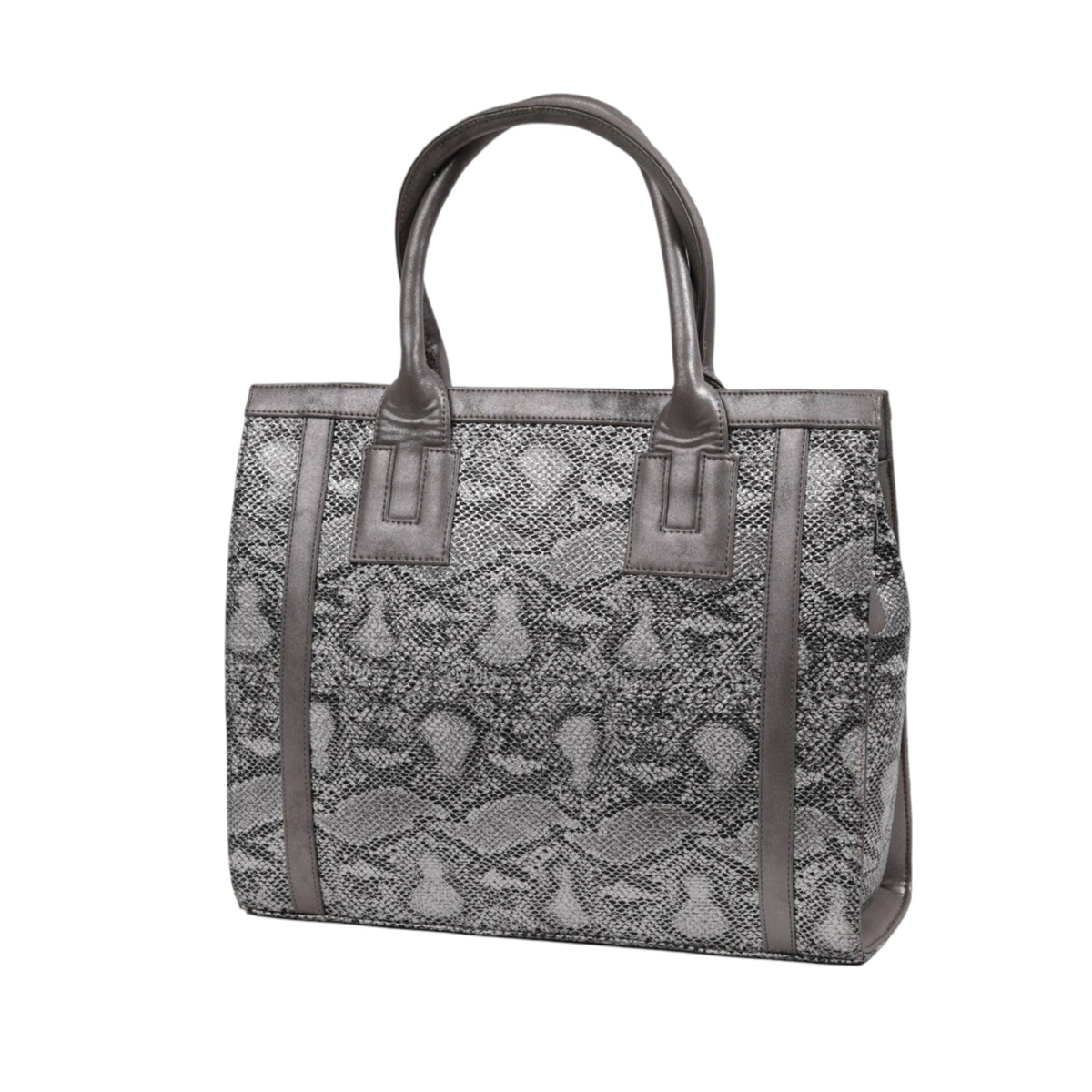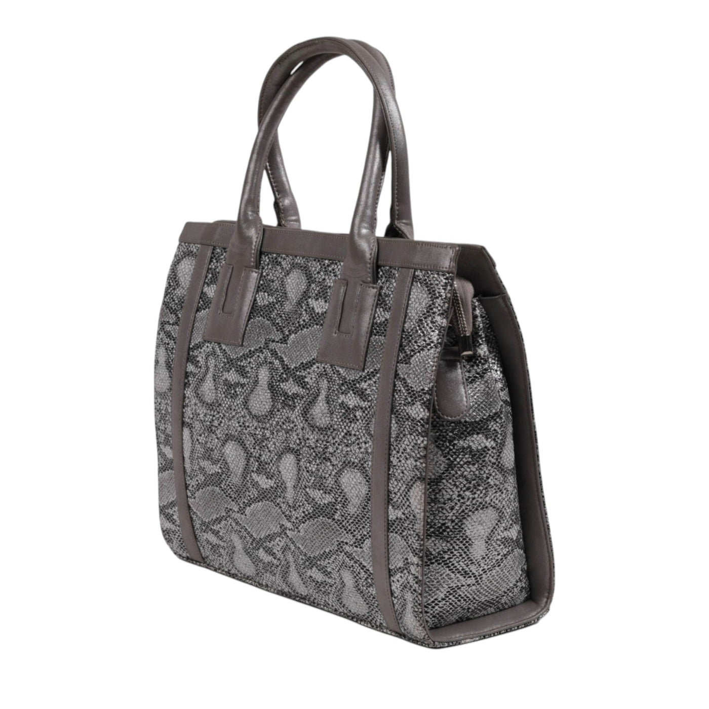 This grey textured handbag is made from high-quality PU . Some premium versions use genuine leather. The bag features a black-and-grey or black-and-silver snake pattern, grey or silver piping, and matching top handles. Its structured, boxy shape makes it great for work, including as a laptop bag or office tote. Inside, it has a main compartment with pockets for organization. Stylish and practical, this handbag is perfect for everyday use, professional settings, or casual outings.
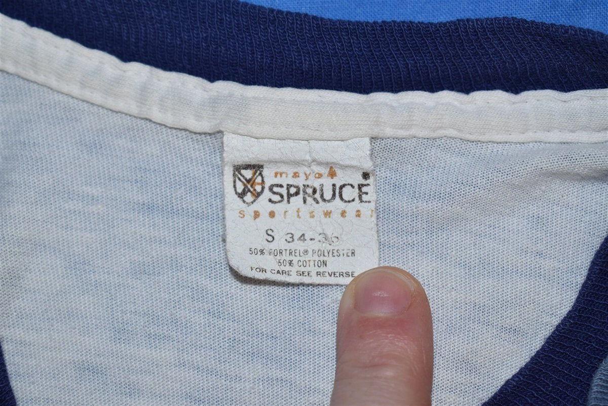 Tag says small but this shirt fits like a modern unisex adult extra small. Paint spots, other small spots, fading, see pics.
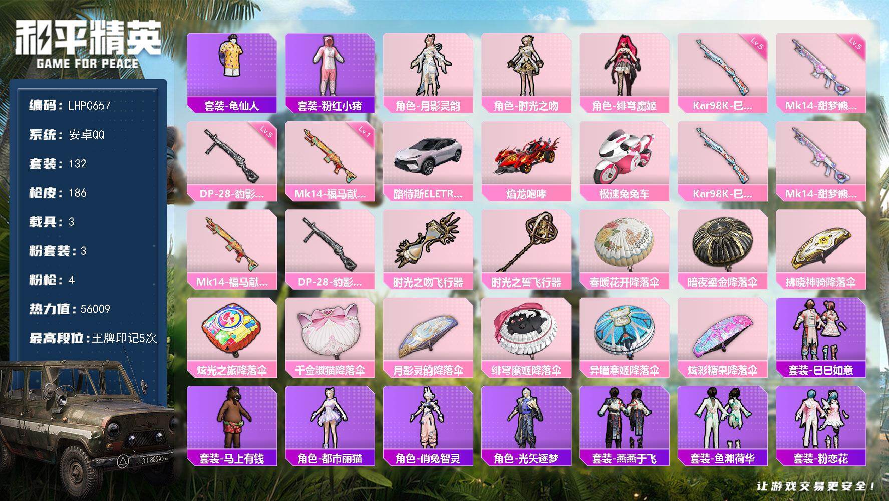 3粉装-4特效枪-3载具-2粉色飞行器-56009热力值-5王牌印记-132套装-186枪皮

------------------------

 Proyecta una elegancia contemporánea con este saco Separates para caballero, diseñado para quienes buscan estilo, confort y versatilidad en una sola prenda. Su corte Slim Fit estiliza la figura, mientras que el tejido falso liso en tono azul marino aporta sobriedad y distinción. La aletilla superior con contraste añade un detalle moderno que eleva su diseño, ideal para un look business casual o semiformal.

------------------------

WHAT THE TASK REQUIRES: Leaving out the pictures, please output the lines in the entries above from the one with "Tag says small" through the one with "3粉装-4特效枪-3载具-2", exactly as they are.

RESULT FOR THIS EXERCISE:
 Tag says small but this shirt fits like a modern unisex adult extra small. Paint spots, other small spots, fading, see pics.
 3粉装-4特效枪-3载具-2粉色飞行器-56009热力值-5王牌印记-132套装-186枪皮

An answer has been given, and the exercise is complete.